2.3. Long-Term Quality of Operational RT ZTD Production

The RT ZTD from the demonstration campaign is evaluated for 18 European stations during the initial year of the GNSS4SWEC Real-time Demonstration campaign. Two GOP solutions using the IGS03 product are compared with respect to the EUREF 2nd reprocessing combined tropospheric product [39]: (1) GOPR—standalone GPS solution, and (2) GOPQ—GPS + GLONASS solution. In Table 3, we can observe a systematic error in ZTD of about 2 mm in the long-term evaluation, similar as observed in the simulated real-time processing in the benchmark campaign, see Section 2.2. Although GLONASS observations are down-weighted by a factor of 2 in our solution in order to reflect the lower quality of GLONASS precise products, a small positive impact on the ZTD is observed in terms of mean bias (10%) and mean SDEV (7%), both calculated over 18 stations.
Figure 6 shows the comparison of the GOPR solution with respect to the EUREF 2nd reprocessing combined product during the first year of the RT demonstration campaign. Monthly mean ZTD biases, standard deviations and their 1-sigma scatter calculated over all 18 stations indicate a long-term stability of the operational real-time production with a small seasonal effect in SDEV due to a less accurate troposphere modeling during the summer period [19].

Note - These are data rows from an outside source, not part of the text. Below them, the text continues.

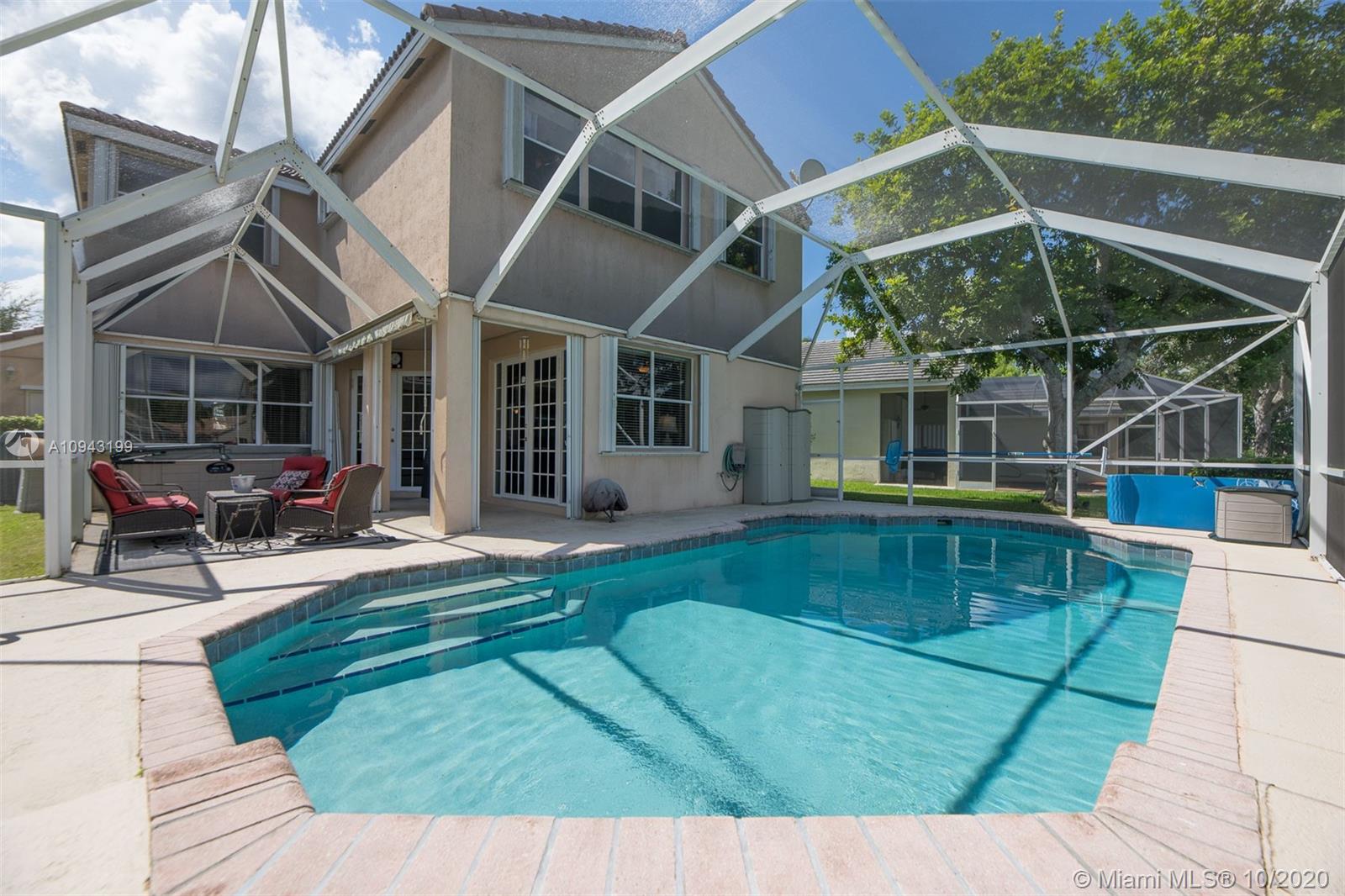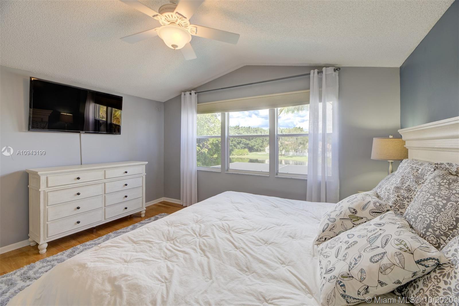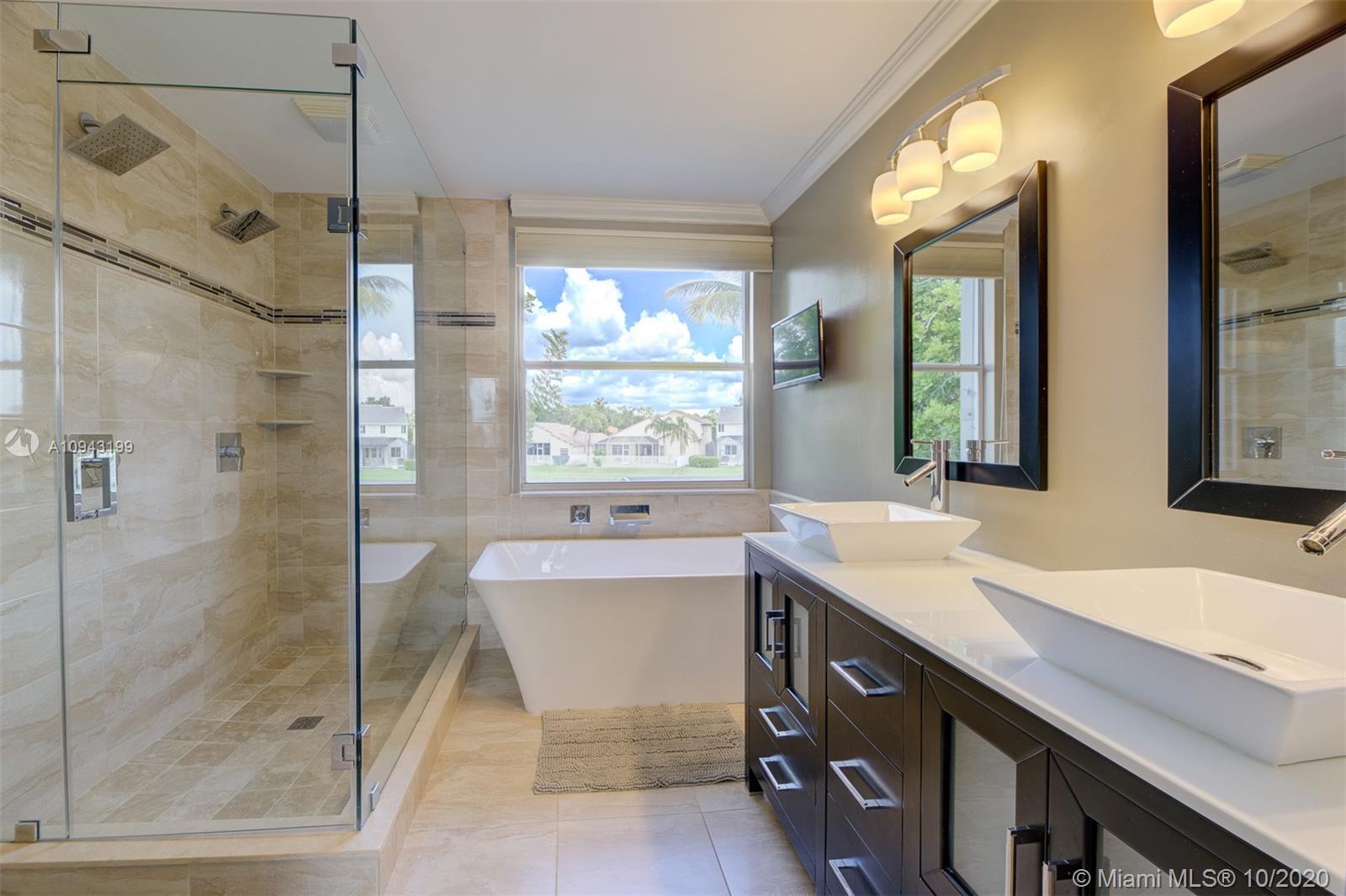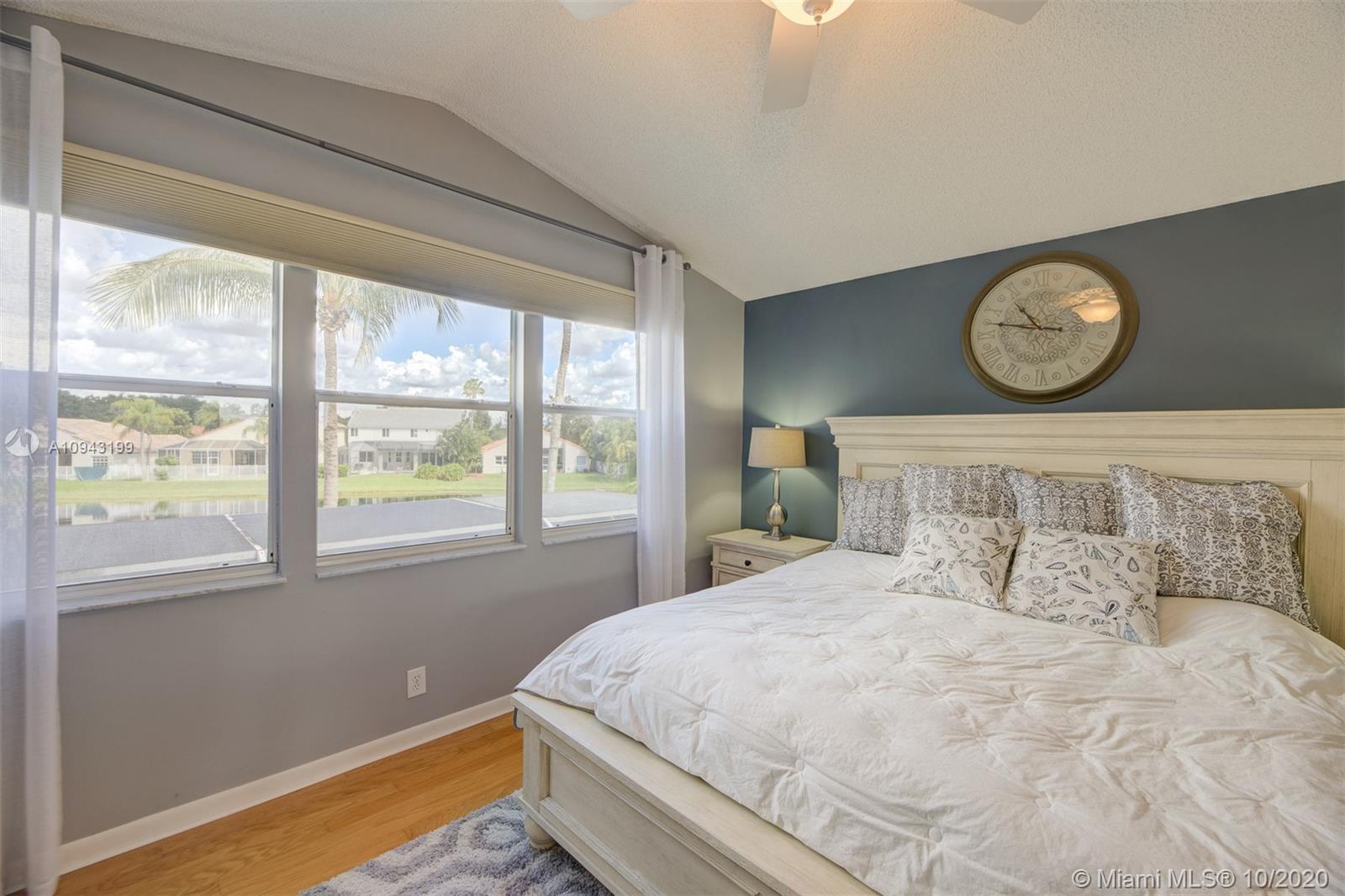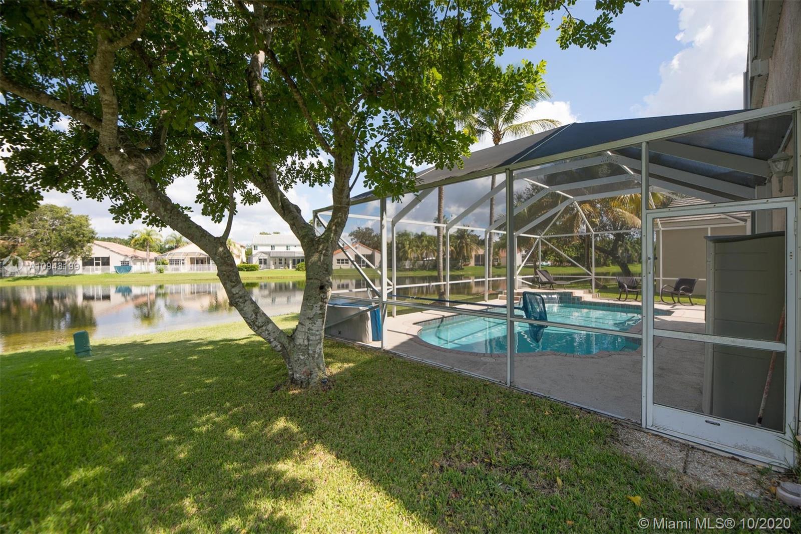Beautiful 2 stories, 4 bedrooms, 2.5 bath pool home with amazing water views in The Lakes, gated community in the City of Weston. This home features a new roof (replaced 1 month ago), accordion shutters, 2 car garage, formal living and dinning room, family room overlooking the lake, remodeled kitchen with granite counter tops and stainless steel appliances. Neutral tile throughout first floor, crown moldings and wood floors in the master bedroom and 3 additional rooms including stairs. Bathrooms are remodeled to perfection! Enjoy a huge screened pool patio for entertaining and relaxing on a fabulous spa!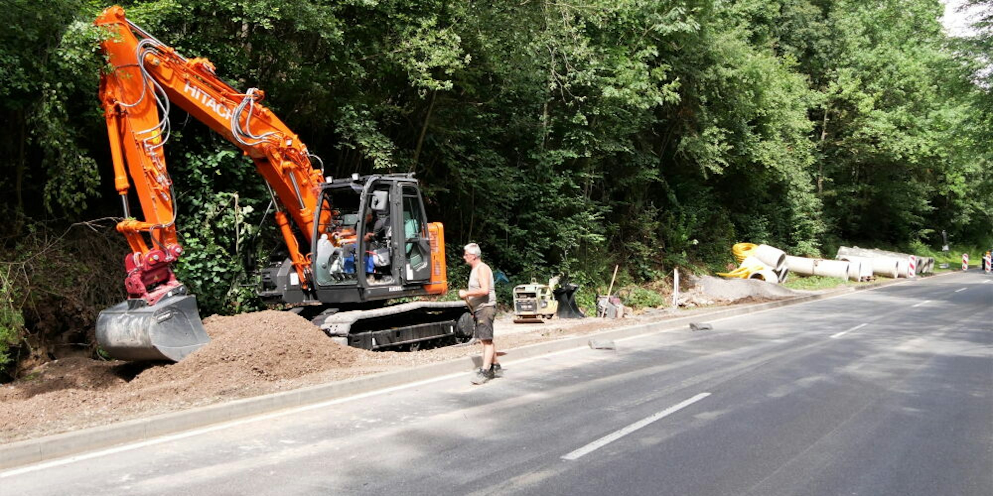 „Oberflächenwasser von der Straße sowie Wasser aus dem Ort Rinnen und dem daneben liegenden Hang sorgten in der Vergangenheit dafür, dass sich bei starkem Regen ein Rückstau bildete. Das lag auch daran, dass der offene Graben in ein Rohr mündete, dessen Einlauf durch Äste und Blätter verstopft wurde“, berichtet Markus Auel, Teamleiter Bauen bei der Gemeinde Kall. Zwar habe der Bauhof den Einlauf regelmäßig kontrolliert, doch auch das habe nicht geholfen, weil es bei Starkregen-Ereignissen oft einen böigen Wind gebe, der die Blätter von den Bäumen fege. Deswegen werde der Graben nun komplett verrohrt. Ein Planungsbüro habe ein entsprechendes Konzept entwickelt.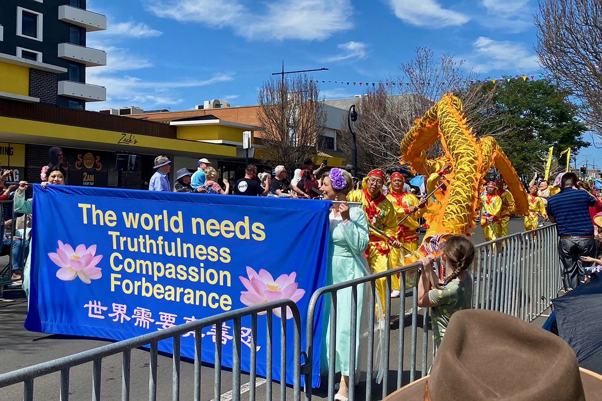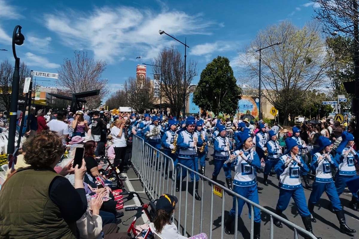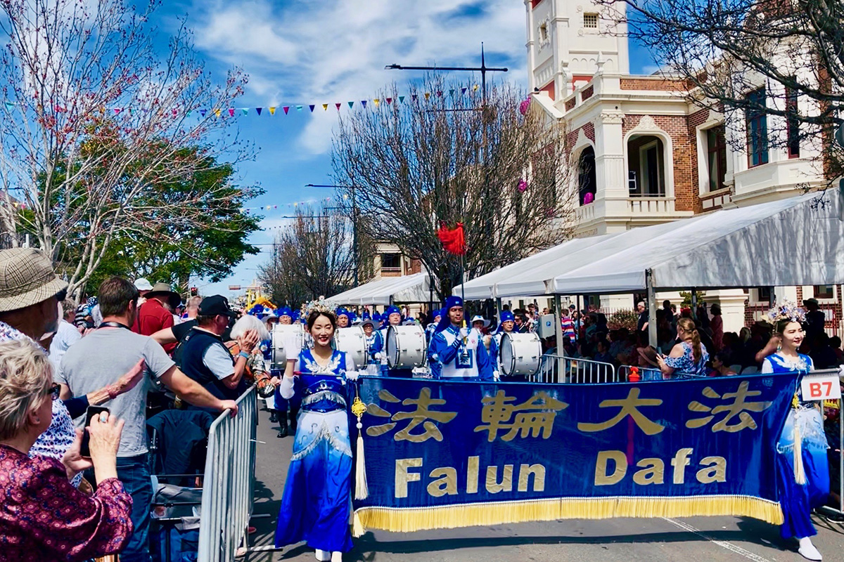 法轮功游行队伍由澳洲天国乐团、舞龙队、腰鼓队和锣鼓队等组成,阵容壮观,充满活力。天国乐团的演奏充满能量,旋律雄壮有力,为当地民众带来了《法轮大法好》、《佛恩圣乐》等乐曲。大法小弟子身穿中国各民族服饰,手持展板传递着“法轮大法好”,“世界需要真、善、忍”的信息。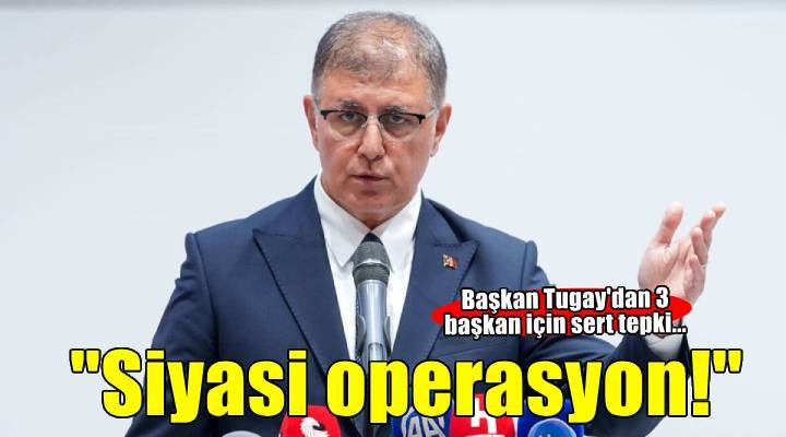 İzmir Büyükehir Belediye Başkanı Cemil Tugay, CHP'li belediyelere bu sabah düzenlenen yeni bir operasyonda Adana Büyükşehir Belediye Başkanı Zeydan Karalar, Adıyaman Belediye Başkanı Abdurrahman Tutdere, Antalya Büyükşehir Başkanı Muhittin Böcek'in gözaltına alınmasına tepki gösterdi.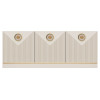 ТВ-тумба Капри станет ярким акцентом в интерьере гостиной, позволит разместить широкоформатный телевизор и дополнит систему хранения тремя отделениями за глухими дверцами. Модель выполнена в приятных кремовых оттенках, а фасады украшены декоративной фрезеровкой. Дверцы оснащены петлями с доводчиками, что поможет избежать хлопков и резкого закрывания.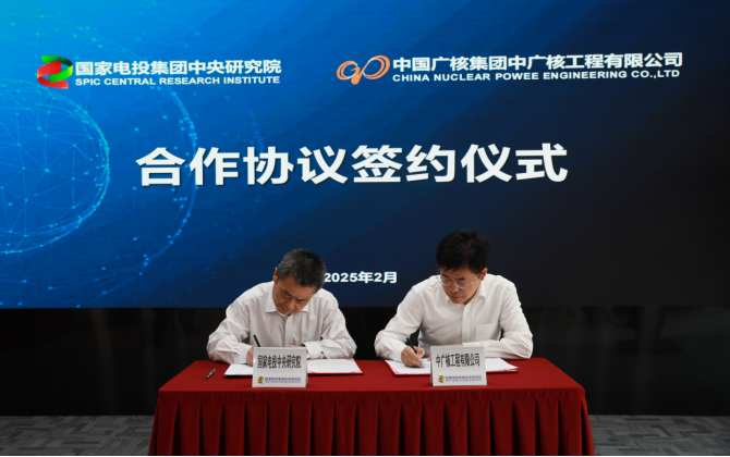 2月14日,國家電投中央研究院與中廣核工程有限公司(以下簡稱“工程公司”)在京簽署《核電耦合熱泵儲能調峰技術意向合作協議》并舉行工作會商。中央研究院黨委書記、董事長樊勝,工程公司黨委書記、董事長、總經理寧小平代表雙方簽署合作協議,并就進一步深化合作進行交流。中央研究院改革領導小組副組長王永文主持會議。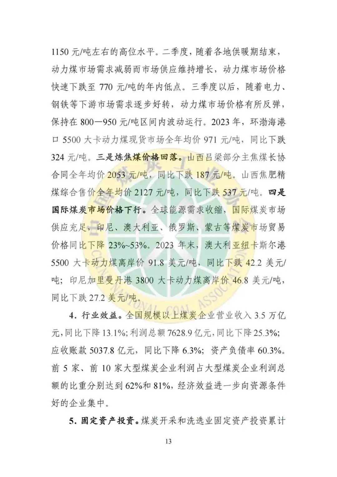 《报告》显示,2023年全国规模以上煤炭企业营收达到3.5万亿元,同比下降13.1%;利润总额达7628.9亿元,同比下跌25.3%。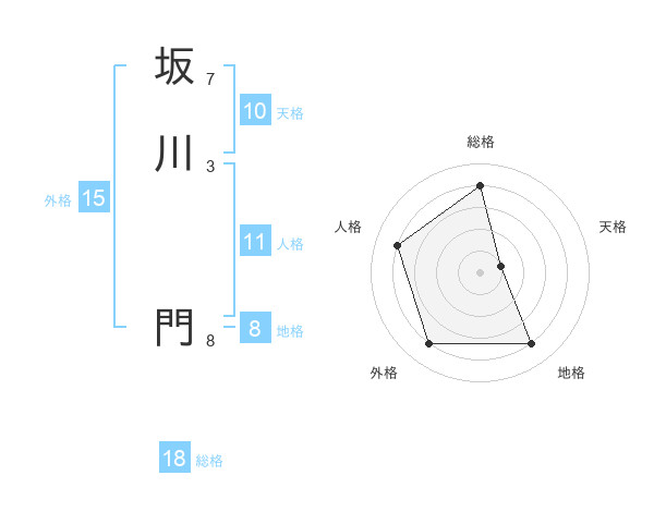 坂川 門さんの総格は18画の4点!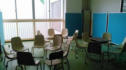 そうじをし、椅子を円く並べると…。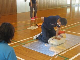 周りに2人以上の人(補助してくれる人)がいる場合、1人しかいない場合、補助が全くいない場合と場面毎の救命法を練習して講習会を終えました。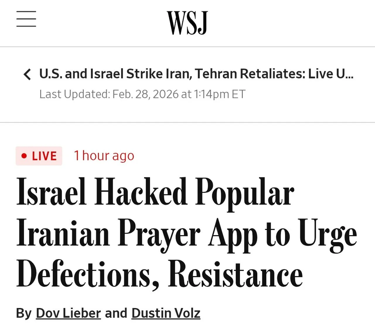 Wall Street Journal'ın haberine göre, İsrailli hackerlar bu sabah İran'da yaygın olarak kullanılan bir dua uygulamasına sızarak milyonlarca kullanıcının telefonuna erişim sağladı.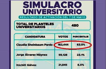 Xóchitl sale reprobada Claudia y Clara ganan simulacro Universitario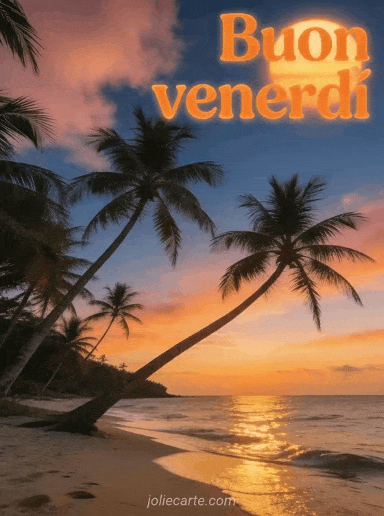 Buon venerdì un caldo saluto del venerdì con atmosfera rilassante di tramonto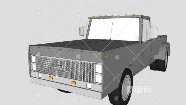 这是简易灰色皮卡SU模型,1987年,遮阳板又回来了,卡车也装上了车顶灯。简易灰色皮卡SU模型下载_sketchup图大师SKP模型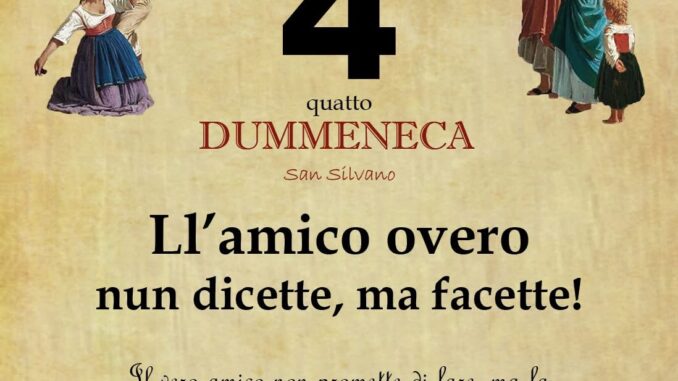 ‘O PRUVERBIO D’ ‘O JUORNO. Domenica 4 maggio 2025 04/05/2025 binews.it EVIDENZA, Il Proverbio del Giorno 0 di Gianni Polverino Ll’amico overo nun dicette, ma facette! Il vero amico non promette di fare, ma fa.

3. New Adaptable Strategy for RT and NRT Troposphere Monitoring

Optimizing the accuracy and the timeliness for the tropospheric products was the first motivation for developing a new adaptable processing strategy. The second goal aimed at effectively supporting various users by simultaneously combining RT and NRT analysis modes. The third goal was to retrieve all the advanced tropospheric parameters consistently when using a unique and flexible processing scheme and exploit optimally multi-GNSS data. Additionally, strategy targets all the advantages of PPP when using epoch-wise analysis supported by real-time precise products, e.g., by IGS RTS. The new strategy has been implemented in the G-Nut/Tefnut software designed for estimating ZTDs, horizontal tropospheric gradients and tropospheric slant path delays. Currently, the parameters are estimated using dual-frequency ionosphere-free linear combinations of pseudorange and carrier-phase observations.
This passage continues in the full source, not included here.